Friday, February 20, 2009

"When Your Child Has A Fever" Do You Sleep?

Fevers can be so scary! Especially at night when everyone is asleep, which is when they seem to be the worst.

My 19 month has a fever, I can never sleep, even if she is sleeping fine. It would be great if ibuprophen and acetamenaphin were miracle drugs, but they are not. Sometimes they work and other times they do not and your little ones body continues to burn.

During the day you can check on them every 30 minutes to be assured that their temperature is not to high, but at night it is too easy to fall asleep and not wake for several hours. I worry that her fever will get so high that she will be too lethargic to let me know she is burning up.

Try taking her temperature when she doesn't want to be messed with. It's pretty much a guessing game unless you have the right thermometer.
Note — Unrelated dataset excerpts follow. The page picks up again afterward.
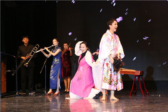 随后,16级文化产业管理班的精彩热舞《panama》拉开班级魅力秀节目表演帷幕,接下来的各个班级更是使出浑身解数,带来精彩纷呈的节目。从15级美术学(文化艺术管理)班的三人合唱《奔跑》到16级艺术史论班的朗诵《致青春》,再到17级音乐学(文化艺术管理)班的器乐合奏舞蹈《幸福所在之处》等节目,表演氛围浓郁,台下观众更是热情高涨。在阵阵掌声中晚会持续处于高潮。晚会同时也成为师生同乐的大舞台,15级音乐学(文化艺术管理)班班主任周游、16级美术学(文化艺术管理)班班主任林道佳、17级文化产业管理班班主任谭娟、17级音乐学(文化管理)班班主任宋泉、17级艺术史论班班主任王珅老师纷纷参与到各自班级的表演之中,引起了现场的阵阵喝彩。晚会中,14级毕业班员工赵俊杰惊喜现身,以一首《什么》引发全体合唱;研究生项心怡同学带来的古筝独奏节目《彝族舞曲》带领大家感受了独特的彝族风情,别有韵味。此外,主持人积极与观众互动,以现场连线幸运观众和猜字谜两种形式送出了精美礼品。晚会接近尾声时,特别嘉宾朱远航与万物攀升乐队带来特别演出,分别演唱歌曲《阿楚姑娘》、《无情的情书》和《攀升》、《北方》。本次班级魅力秀,通过结合观众投票数和现场评委嘉宾评分最终角逐出“最佳表演奖”等7项大奖。最后的颁奖仪式也标志着本次班级魅力秀的圆满结束。
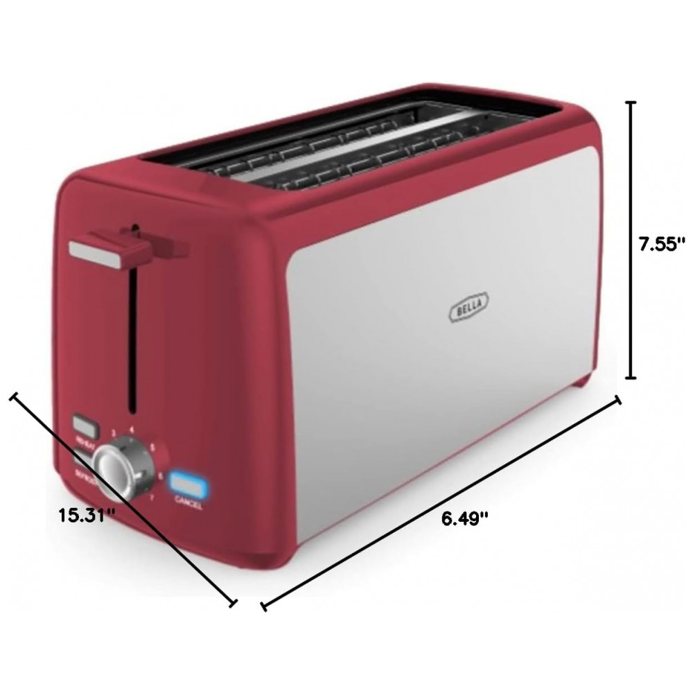 Torradeira Elétrica 2 Fatias com 7 Níveis de Tostagem 110V 1400W BELLA Vermelha e Prata
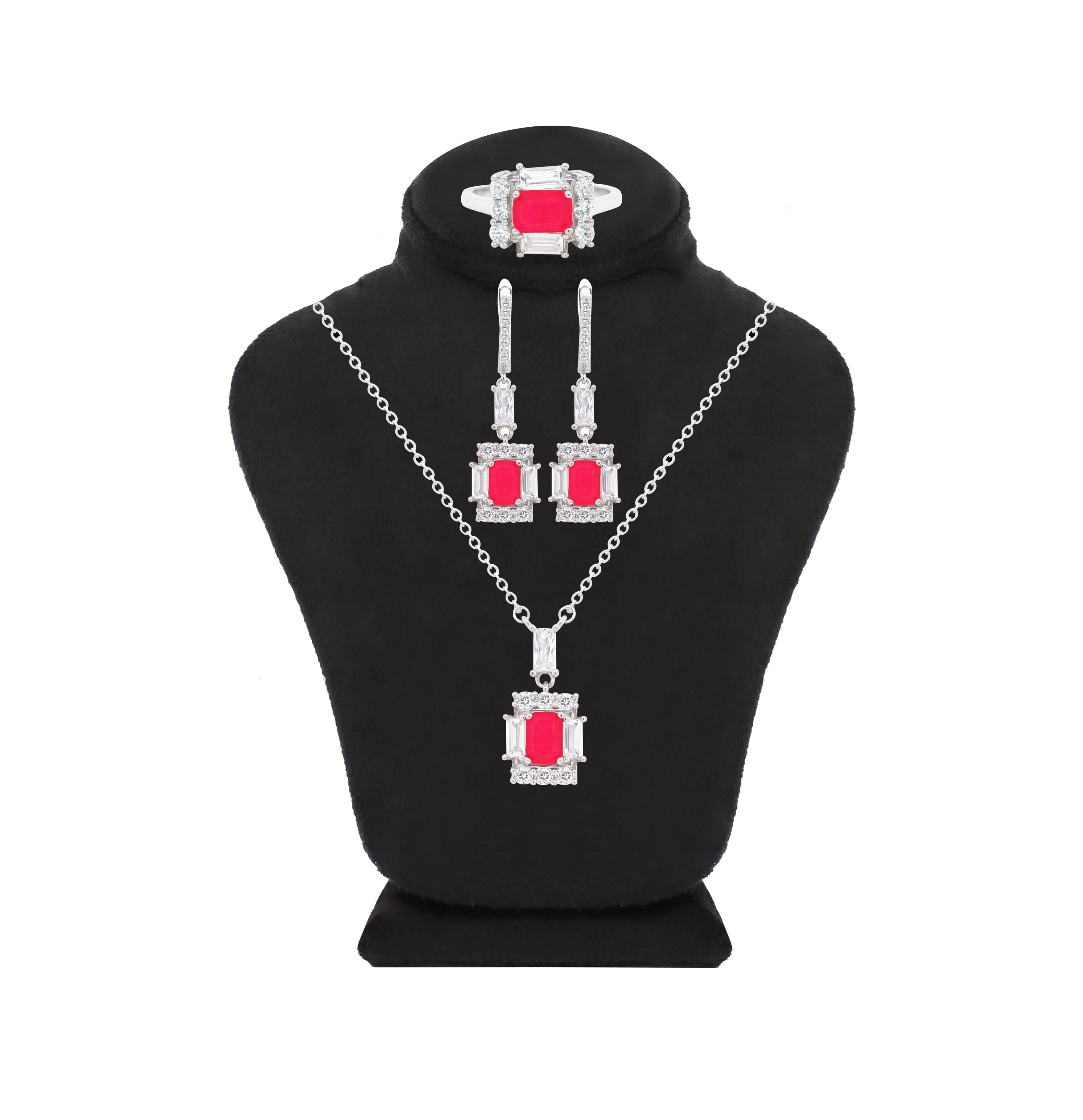 Asfour Crystal Jewelry Set Of Necklace & Earrings & Ring With Ruby Decorative Emerald Design In 925 Sterling Silver-SD0017-R-8
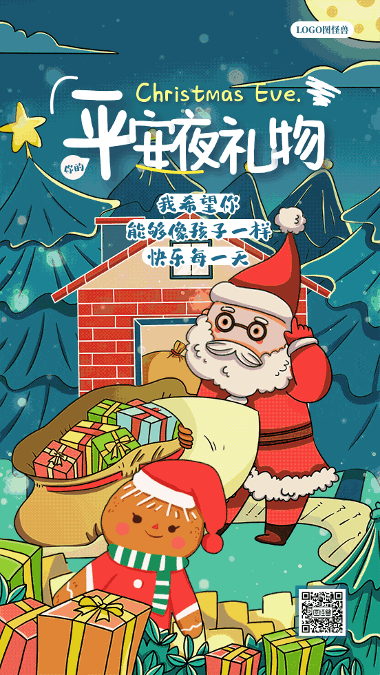 手绘圣诞节平安夜圣诞礼物动态GIF模板
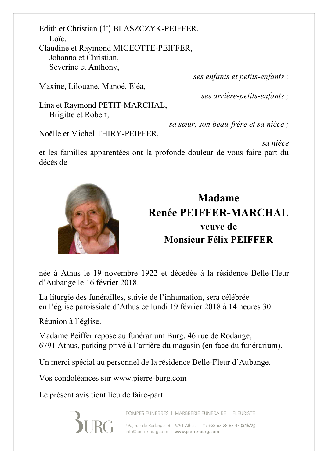 Décédée à Aubange (6790) le vendredi 16 février 2018 à l'âge de 95 ans

If your thermometer takes longer than a second, you can forget having an accurate reading.

It is hard to be a mother and have all your heart and emotions wrapped up in this tiny little person.

Here is an article that can give you a guideline and helpful tips to make your little one more comfortable:

What To Do When Your Toddler Has A Fever

Tips and advice for how to effectively treat and take care of a toddler who develps an uncomfortably high fever.

When a child develops a fever, the first reaction might be to call the doctor and ask for advice. This is especially true if the fever comes on suddenly, when the child was feeling normal only a few hours before the onset. A high temperature of 100ºF after they have been exercising and/or running around is perfectly normal. However, if they have a temperature of 101ºF it mostly likely means that there is an onset of illness, regardless of whether or not they have been active.

The symptoms of fever obviously include feeling hot to the touch, especially the forehead and face. The child may feel very sluggish and exhausted. It is normal for the child to lose their appetite, and this is totally normal. As long as they are drinking enough fluids (water is the best thing to offer), they should be just fine until they feel like eating again.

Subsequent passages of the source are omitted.